Items listed in a dataset:
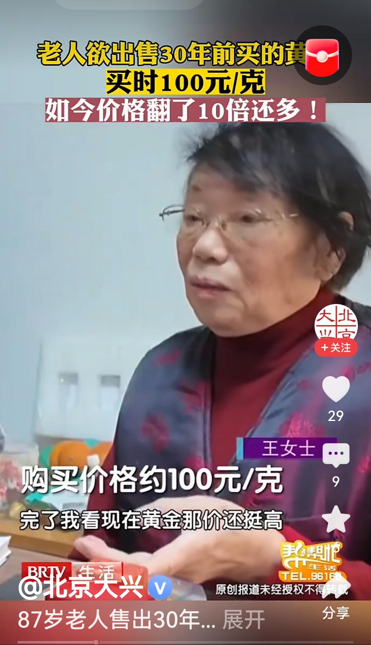 老人30多年前买的金首饰是每克100元,现在的回收价格每克1020元,增长了十倍好像很多。但实际上上世纪90年代初人们都非常穷,工资也非常低,当时的工资很多人几十块钱甚至上百元,现在的工资都是几万元,如此算下来是贬值还是增值了?所以黄金是一个保值产品,不要指望着能挣大钱。
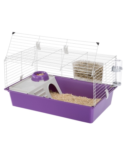 Cavie 80 - клетка для морских свинок с недавно разработанными креплениями для закрывания дверки, обеспечивающими большую безопасность вашего питомца. Изготовлена из окрашенной стальной проволоки в комплекте с большим пластиковым поддоном. В комплекте вы найдете: удобный маленький домик для морских свинок, поилку и пластиковую кормушку.
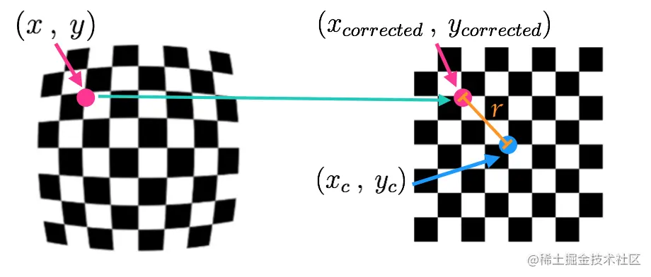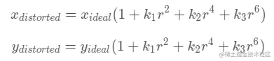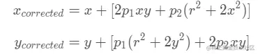 之后,我们将使用 cv2.calibrateCamera()来求解畸变系数。修正径向畸变需要三个系数: k1,k2,k3;而修正切向畸变需要两个系数: p1,p2。计算畸变点坐标的公式如下所示,其中 r 是未畸变图像中某点与图像畸变中心之间的已知距离,而该中心通常就是图像的中心 (x_c,y_c)
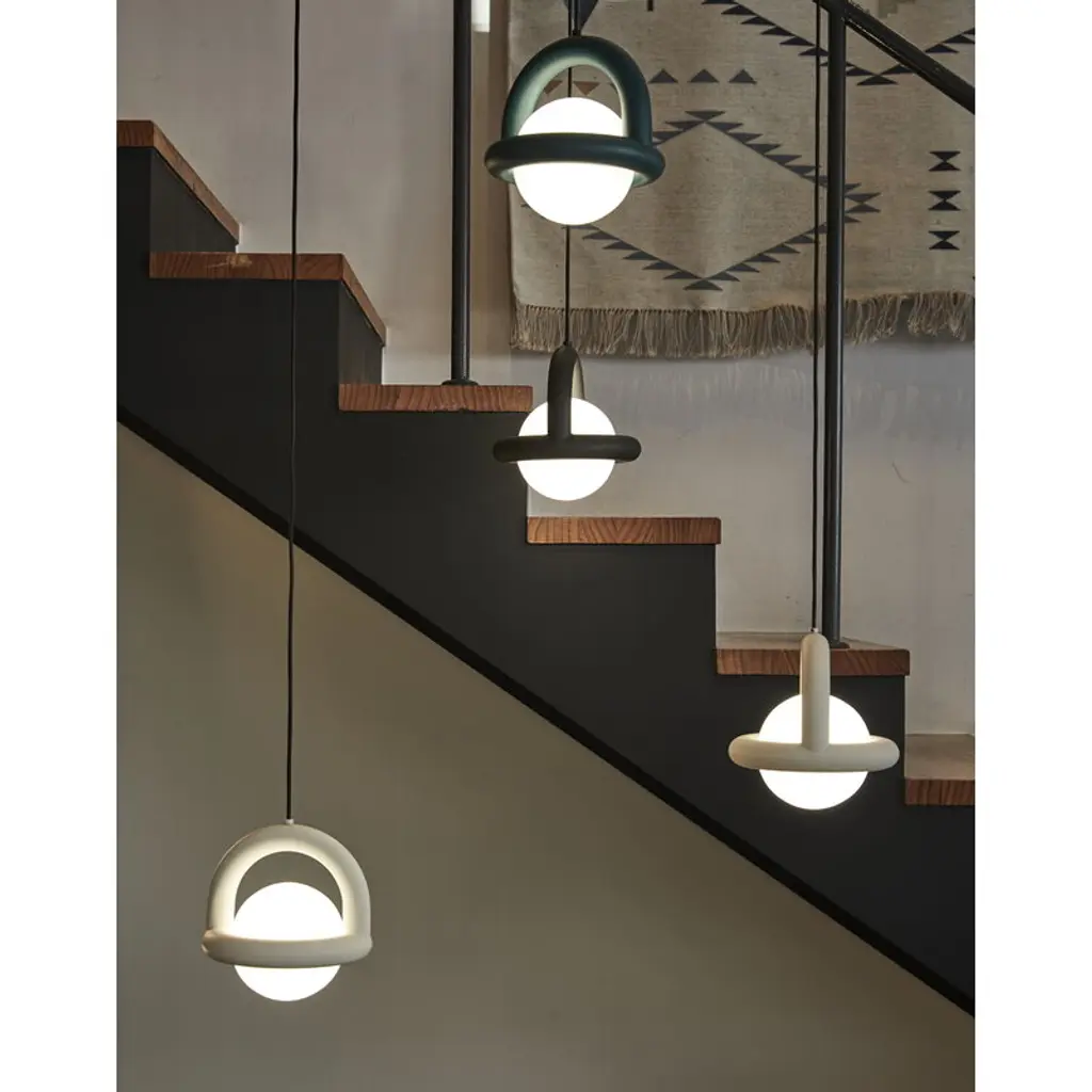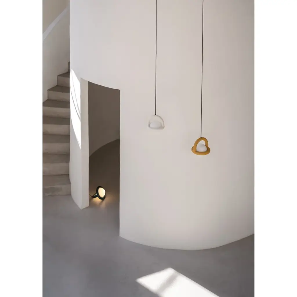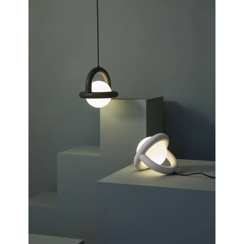 AGO's Balloon pendant lamp is a delightful addition above any dining table, in the living room or in the nursery. Its distinctive and graphic silhouette combines a round opal glass shade with a painted steel frame. A matte black cable adds a stylish finishing touch to the luminaire. This updated version of the luminaire features a dimmable, integrated LED module for optimal performance and energy efficiency. Manufactured by the Korean brand AGO and designed by Studio Word, the Balloon collection was inspired by balloon twisting. The Balloon lamps are both fun, sophisticated and minimalist at the same time, making them a perfect addition to various types of environments, either individually or in groups of several lamps.
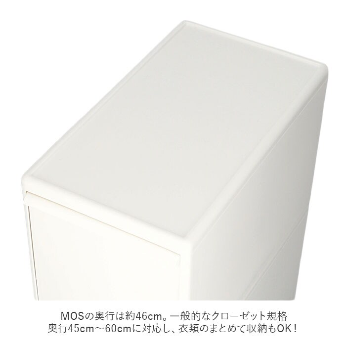 | 商品説明 | 自由自在に組み合わせができる収納ケース「like-it MOS」シリーズから、「ミディL」が登場。本体のモジュールサイズと底のスタッキング構造により、幅の異なる引き出しも組み合わせることが可能◎オールホワイトカラーを採用し、中身が見えないのもポイント!洗剤などのストックを入れても生活感が出にくいのが嬉しい。引き出し奥の左右にストッパーを装備。勢いよく引き出しても抜け落ちることなく安心◎天板は差し込み式だから、ジョイントを外してつなげて使用することも。MOSの奥行は約46cm。一般的なクローゼット規格奥行45cm~60cmに対応し、衣類のまとめて収納もOK!同色・同型の3個セット♪単体で使うのはもちろん当店別ページで販売している、「like-it MOS」シリーズ(計5種類)と組み合わせて使うのもおススメ。さらにキャスターや段差がある場所でも使える別売りアジャスターパーツを取り付けることも可能。【※こちらのページは衣装ケース「ミディL」のみの販売です。キャスター(商品コード:ls33)、アジャスターパーツ(商品コード:ssa4p)は別ページでご購入ください。】 |
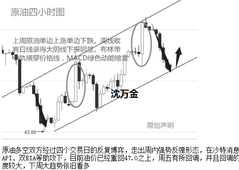 今晚EIA大获全胜 现货原油沥青技术分析 今日原油沥青日内小幅反弹之后,一直维持在高位震荡,这也是让沈万金分析的下跌一直没有得到确认,但是在EIA数据要出来之前,行情也是来了一波下跌,这也是完全符合沈万金日内的分析。而预计EIA数据我在数据没有出来之前就预测数据利多,但是又有多少人信呢? 日线上看,目前油价已然
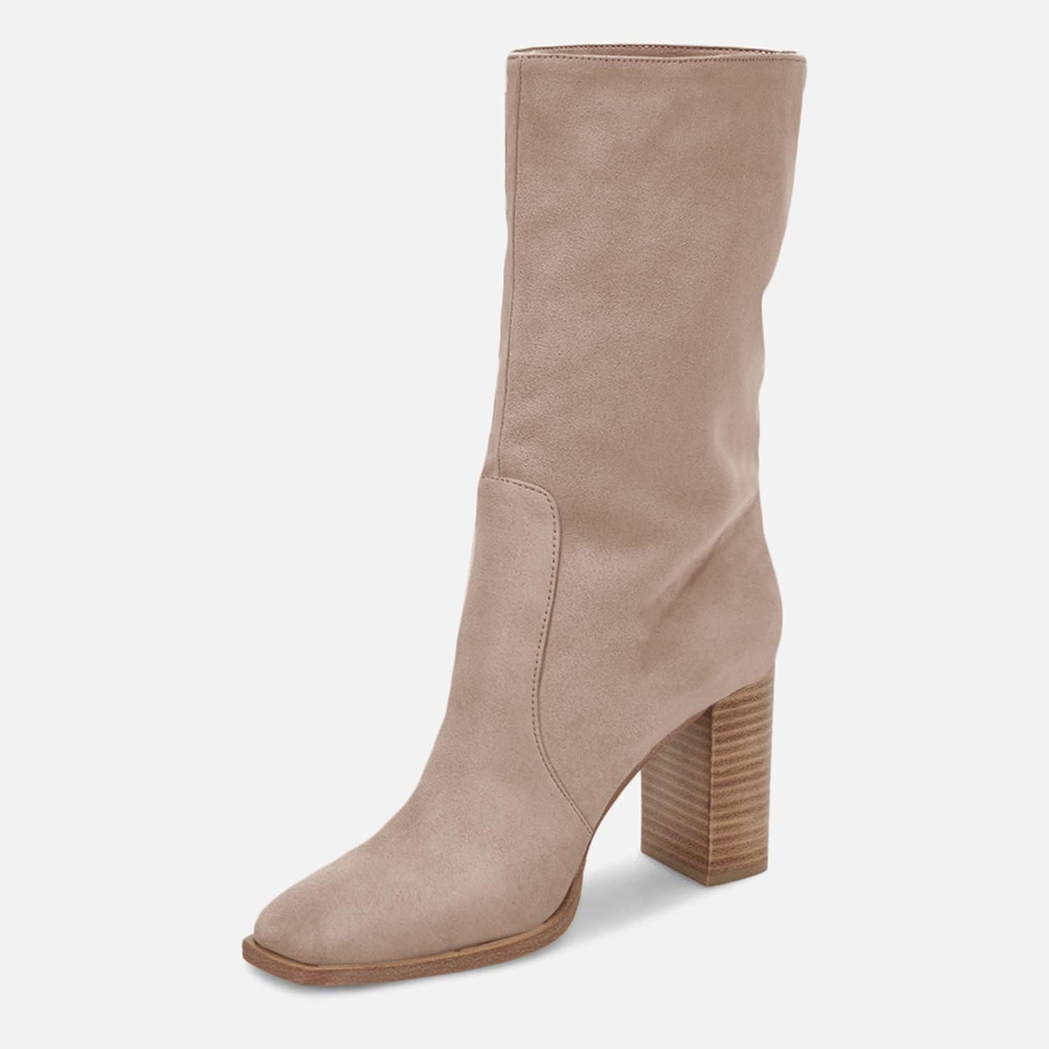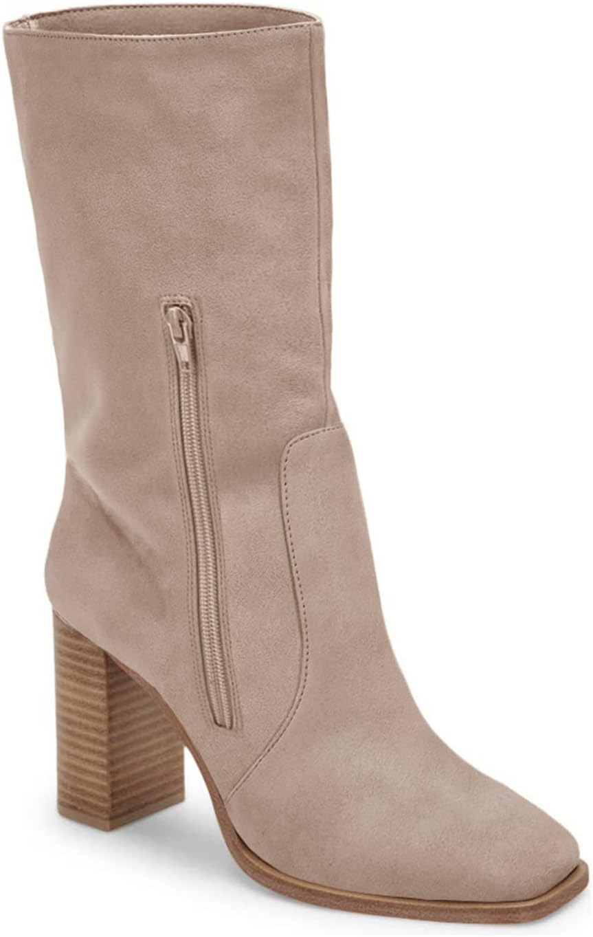 Women’s Mid-calf Boots Chunky Stacked Heel Square Toe Side Zipper Slip-on Suede Winter Booties

▶ [DESCRIPTION OF THE TASK]: Exact copy, no pictures: write out all the records above.

▶ [WORKED SOLUTION]:
 老人30多年前买的金首饰是每克100元,现在的回收价格每克1020元,增长了十倍好像很多。但实际上上世纪90年代初人们都非常穷,工资也非常低,当时的工资很多人几十块钱甚至上百元,现在的工资都是几万元,如此算下来是贬值还是增值了?所以黄金是一个保值产品,不要指望着能挣大钱。
 Cavie 80 - клетка для морских свинок с недавно разработанными креплениями для закрывания дверки, обеспечивающими большую безопасность вашего питомца. Изготовлена из окрашенной стальной проволоки в комплекте с большим пластиковым поддоном. В комплекте вы найдете: удобный маленький домик для морских свинок, поилку и пластиковую кормушку.
 之后,我们将使用 cv2.calibrateCamera()来求解畸变系数。修正径向畸变需要三个系数: k1,k2,k3;而修正切向畸变需要两个系数: p1,p2。计算畸变点坐标的公式如下所示,其中 r 是未畸变图像中某点与图像畸变中心之间的已知距离,而该中心通常就是图像的中心 (x_c,y_c)
 AGO's Balloon pendant lamp is a delightful addition above any dining table, in the living room or in the nursery. Its distinctive and graphic silhouette combines a round opal glass shade with a painted steel frame. A matte black cable adds a stylish finishing touch to the luminaire. This updated version of the luminaire features a dimmable, integrated LED module for optimal performance and energy efficiency. Manufactured by the Korean brand AGO and designed by Studio Word, the Balloon collection was inspired by balloon twisting. The Balloon lamps are both fun, sophisticated and minimalist at the same time, making them a perfect addition to various types of environments, either individually or in groups of several lamps.
 | 商品説明 | 自由自在に組み合わせができる収納ケース「like-it MOS」シリーズから、「ミディL」が登場。本体のモジュールサイズと底のスタッキング構造により、幅の異なる引き出しも組み合わせることが可能◎オールホワイトカラーを採用し、中身が見えないのもポイント!洗剤などのストックを入れても生活感が出にくいのが嬉しい。引き出し奥の左右にストッパーを装備。勢いよく引き出しても抜け落ちることなく安心◎天板は差し込み式だから、ジョイントを外してつなげて使用することも。MOSの奥行は約46cm。一般的なクローゼット規格奥行45cm~60cmに対応し、衣類のまとめて収納もOK!同色・同型の3個セット♪単体で使うのはもちろん当店別ページで販売している、「like-it MOS」シリーズ(計5種類)と組み合わせて使うのもおススメ。さらにキャスターや段差がある場所でも使える別売りアジャスターパーツを取り付けることも可能。【※こちらのページは衣装ケース「ミディL」のみの販売です。キャスター(商品コード:ls33)、アジャスターパーツ(商品コード:ssa4p)は別ページでご購入ください。】 |
 今晚EIA大获全胜 现货原油沥青技术分析 今日原油沥青日内小幅反弹之后,一直维持在高位震荡,这也是让沈万金分析的下跌一直没有得到确认,但是在EIA数据要出来之前,行情也是来了一波下跌,这也是完全符合沈万金日内的分析。而预计EIA数据我在数据没有出来之前就预测数据利多,但是又有多少人信呢? 日线上看,目前油价已然
 Women’s Mid-calf Boots Chunky Stacked Heel Square Toe Side Zipper Slip-on Suede Winter Booties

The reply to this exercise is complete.